Collected data
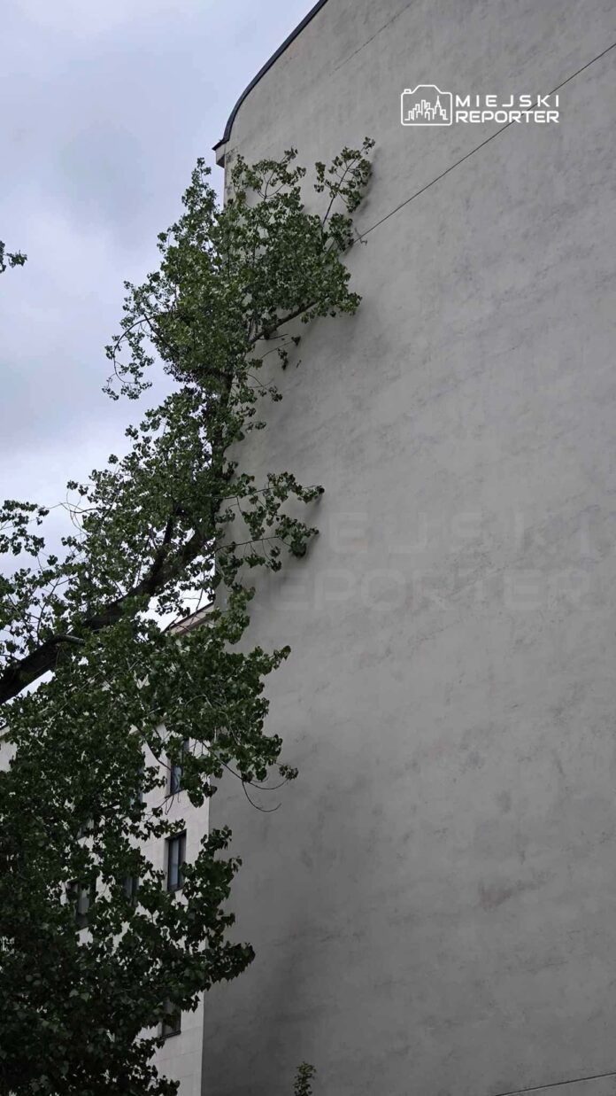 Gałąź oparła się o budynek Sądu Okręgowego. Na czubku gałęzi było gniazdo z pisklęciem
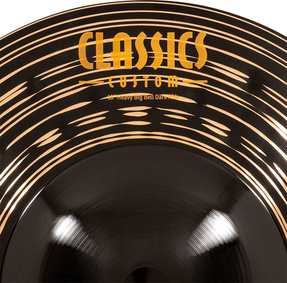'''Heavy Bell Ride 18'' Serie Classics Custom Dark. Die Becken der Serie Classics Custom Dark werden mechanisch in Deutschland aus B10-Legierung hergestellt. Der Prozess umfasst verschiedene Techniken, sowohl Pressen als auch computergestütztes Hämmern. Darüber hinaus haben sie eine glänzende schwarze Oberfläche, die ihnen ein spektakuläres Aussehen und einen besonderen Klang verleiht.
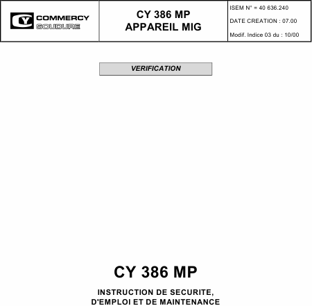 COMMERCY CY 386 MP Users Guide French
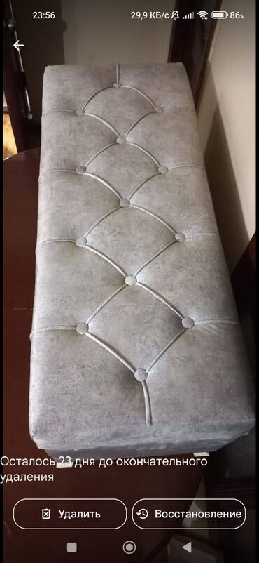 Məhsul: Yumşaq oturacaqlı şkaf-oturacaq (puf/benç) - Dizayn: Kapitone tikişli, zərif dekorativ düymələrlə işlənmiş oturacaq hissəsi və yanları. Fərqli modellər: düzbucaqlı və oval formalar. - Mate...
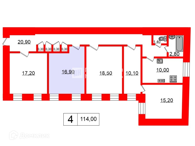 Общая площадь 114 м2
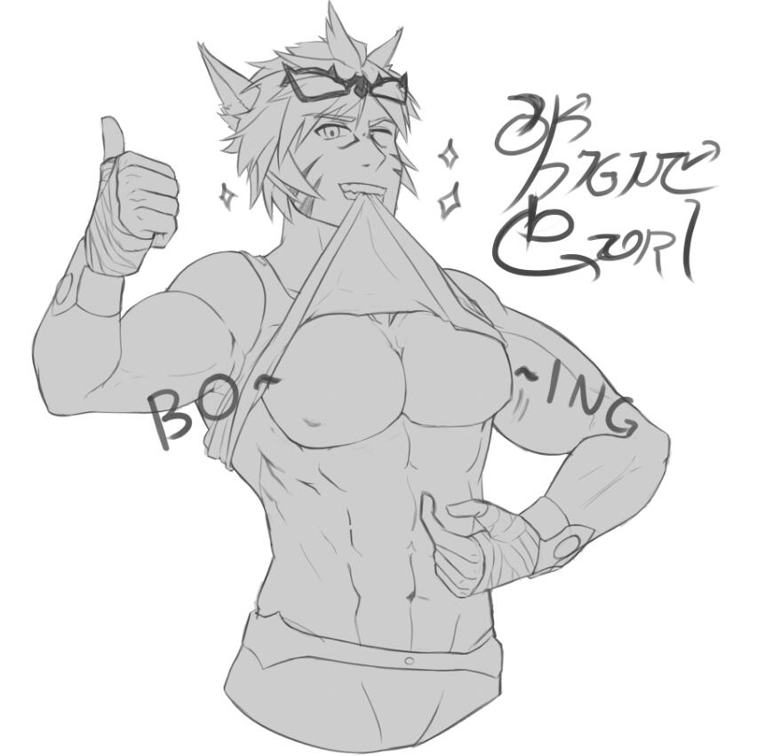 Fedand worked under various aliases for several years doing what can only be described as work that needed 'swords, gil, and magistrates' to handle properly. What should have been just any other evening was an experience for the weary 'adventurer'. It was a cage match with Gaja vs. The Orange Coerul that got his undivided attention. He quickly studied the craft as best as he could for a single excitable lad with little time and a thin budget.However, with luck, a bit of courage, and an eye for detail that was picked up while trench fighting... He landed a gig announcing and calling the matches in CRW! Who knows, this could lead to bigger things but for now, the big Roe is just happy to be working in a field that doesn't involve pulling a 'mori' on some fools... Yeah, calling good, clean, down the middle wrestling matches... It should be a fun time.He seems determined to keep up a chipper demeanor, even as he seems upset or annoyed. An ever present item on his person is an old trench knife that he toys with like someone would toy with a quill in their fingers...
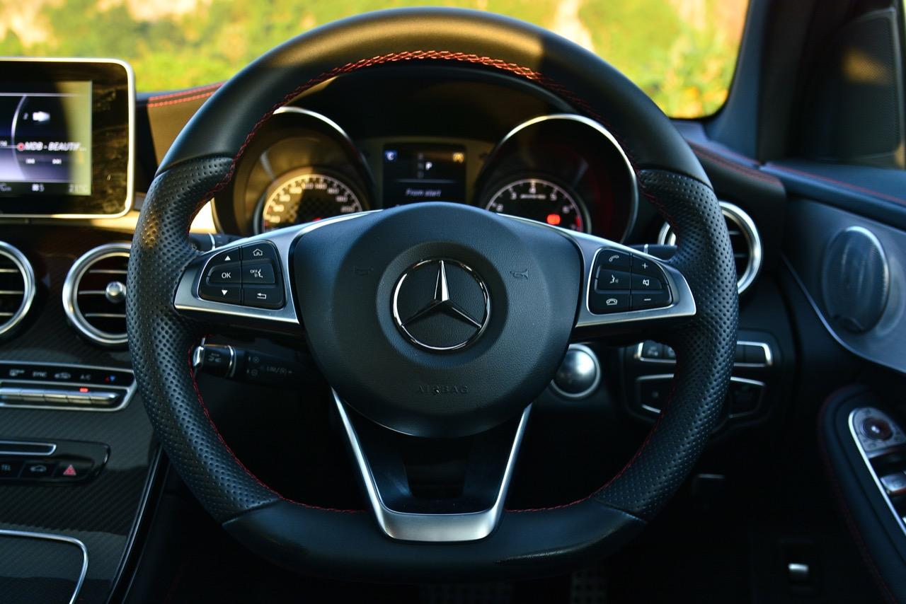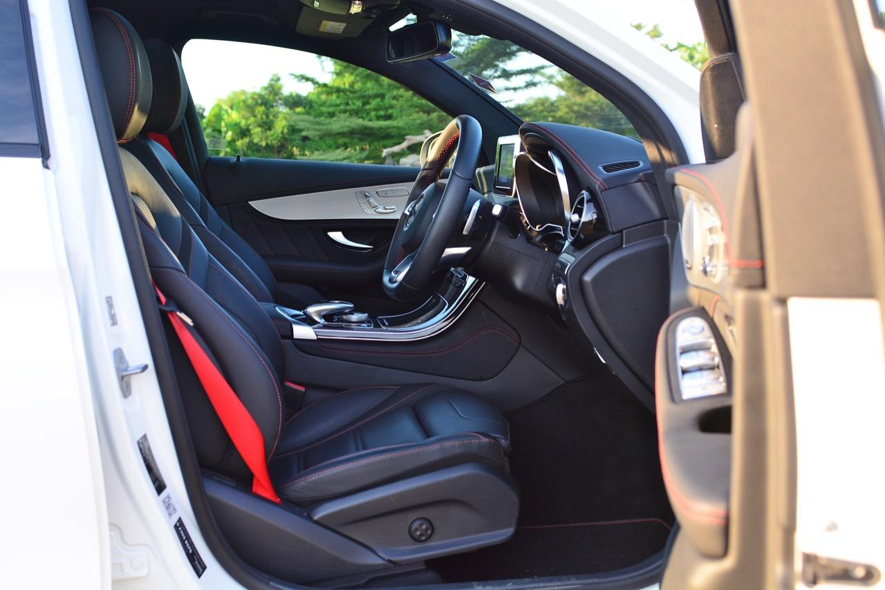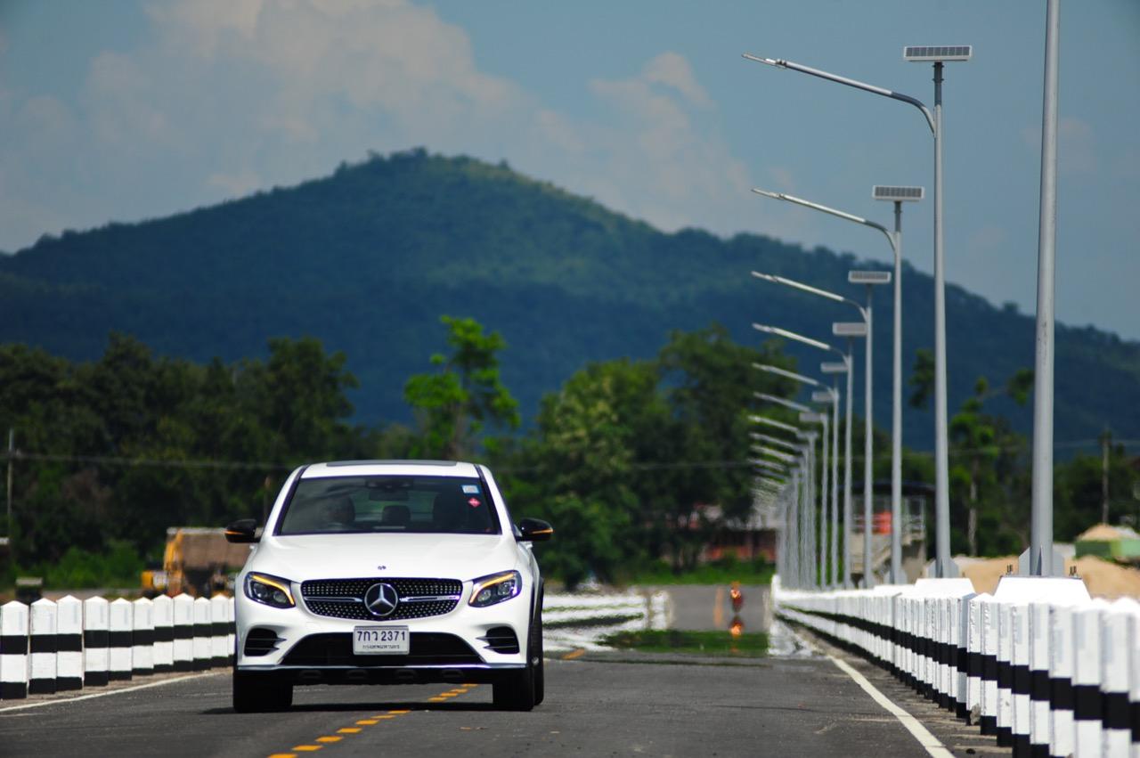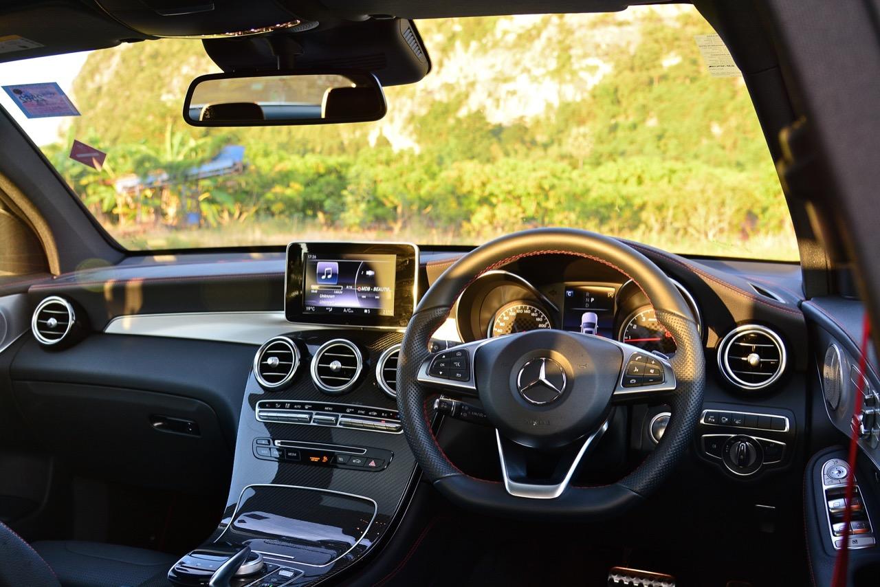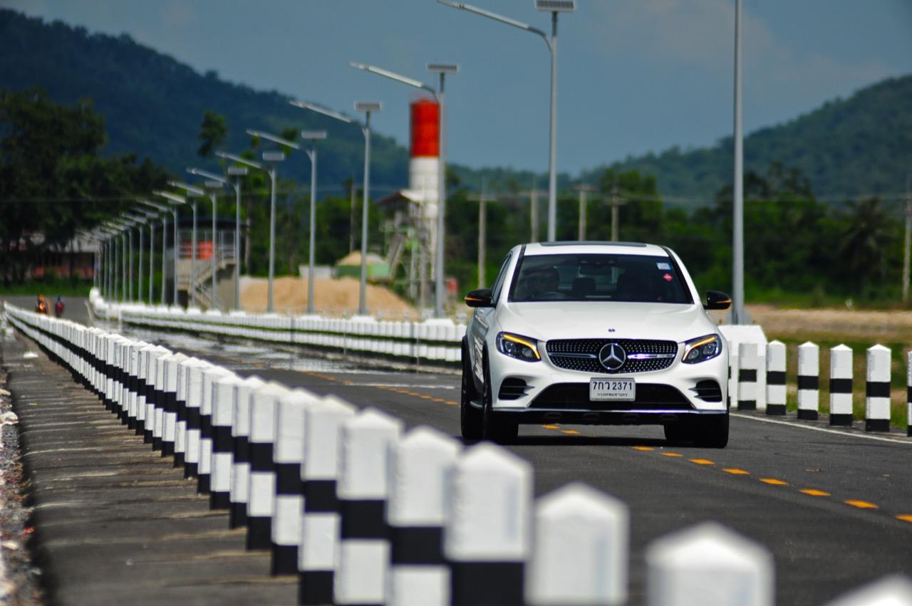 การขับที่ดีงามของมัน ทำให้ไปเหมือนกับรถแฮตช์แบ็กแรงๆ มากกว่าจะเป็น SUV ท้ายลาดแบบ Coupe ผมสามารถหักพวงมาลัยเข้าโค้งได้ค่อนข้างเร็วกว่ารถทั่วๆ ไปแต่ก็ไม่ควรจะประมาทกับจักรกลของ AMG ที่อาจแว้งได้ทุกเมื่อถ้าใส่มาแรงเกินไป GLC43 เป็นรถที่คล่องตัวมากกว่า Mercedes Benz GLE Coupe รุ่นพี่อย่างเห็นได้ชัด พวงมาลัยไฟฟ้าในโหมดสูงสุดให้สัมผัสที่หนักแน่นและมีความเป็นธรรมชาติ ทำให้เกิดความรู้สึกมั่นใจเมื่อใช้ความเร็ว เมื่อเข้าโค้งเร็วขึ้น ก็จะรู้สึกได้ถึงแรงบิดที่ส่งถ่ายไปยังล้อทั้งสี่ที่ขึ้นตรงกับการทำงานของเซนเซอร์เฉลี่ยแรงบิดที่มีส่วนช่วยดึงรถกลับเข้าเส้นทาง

**The problem**: Would you output the data above exactly as written, but with no images?

**Expected answer**:
 Gałąź oparła się o budynek Sądu Okręgowego. Na czubku gałęzi było gniazdo z pisklęciem
'''Heavy Bell Ride 18'' Serie Classics Custom Dark. Die Becken der Serie Classics Custom Dark werden mechanisch in Deutschland aus B10-Legierung hergestellt. Der Prozess umfasst verschiedene Techniken, sowohl Pressen als auch computergestütztes Hämmern. Darüber hinaus haben sie eine glänzende schwarze Oberfläche, die ihnen ein spektakuläres Aussehen und einen besonderen Klang verleiht.
 COMMERCY CY 386 MP Users Guide French
 Məhsul: Yumşaq oturacaqlı şkaf-oturacaq (puf/benç) - Dizayn: Kapitone tikişli, zərif dekorativ düymələrlə işlənmiş oturacaq hissəsi və yanları. Fərqli modellər: düzbucaqlı və oval formalar. - Mate...
 Общая площадь 114 м2
 Fedand worked under various aliases for several years doing what can only be described as work that needed 'swords, gil, and magistrates' to handle properly. What should have been just any other evening was an experience for the weary 'adventurer'. It was a cage match with Gaja vs. The Orange Coerul that got his undivided attention. He quickly studied the craft as best as he could for a single excitable lad with little time and a thin budget.However, with luck, a bit of courage, and an eye for detail that was picked up while trench fighting... He landed a gig announcing and calling the matches in CRW! Who knows, this could lead to bigger things but for now, the big Roe is just happy to be working in a field that doesn't involve pulling a 'mori' on some fools... Yeah, calling good, clean, down the middle wrestling matches... It should be a fun time.He seems determined to keep up a chipper demeanor, even as he seems upset or annoyed. An ever present item on his person is an old trench knife that he toys with like someone would toy with a quill in their fingers...
 การขับที่ดีงามของมัน ทำให้ไปเหมือนกับรถแฮตช์แบ็กแรงๆ มากกว่าจะเป็น SUV ท้ายลาดแบบ Coupe ผมสามารถหักพวงมาลัยเข้าโค้งได้ค่อนข้างเร็วกว่ารถทั่วๆ ไปแต่ก็ไม่ควรจะประมาทกับจักรกลของ AMG ที่อาจแว้งได้ทุกเมื่อถ้าใส่มาแรงเกินไป GLC43 เป็นรถที่คล่องตัวมากกว่า Mercedes Benz GLE Coupe รุ่นพี่อย่างเห็นได้ชัด พวงมาลัยไฟฟ้าในโหมดสูงสุดให้สัมผัสที่หนักแน่นและมีความเป็นธรรมชาติ ทำให้เกิดความรู้สึกมั่นใจเมื่อใช้ความเร็ว เมื่อเข้าโค้งเร็วขึ้น ก็จะรู้สึกได้ถึงแรงบิดที่ส่งถ่ายไปยังล้อทั้งสี่ที่ขึ้นตรงกับการทำงานของเซนเซอร์เฉลี่ยแรงบิดที่มีส่วนช่วยดึงรถกลับเข้าเส้นทาง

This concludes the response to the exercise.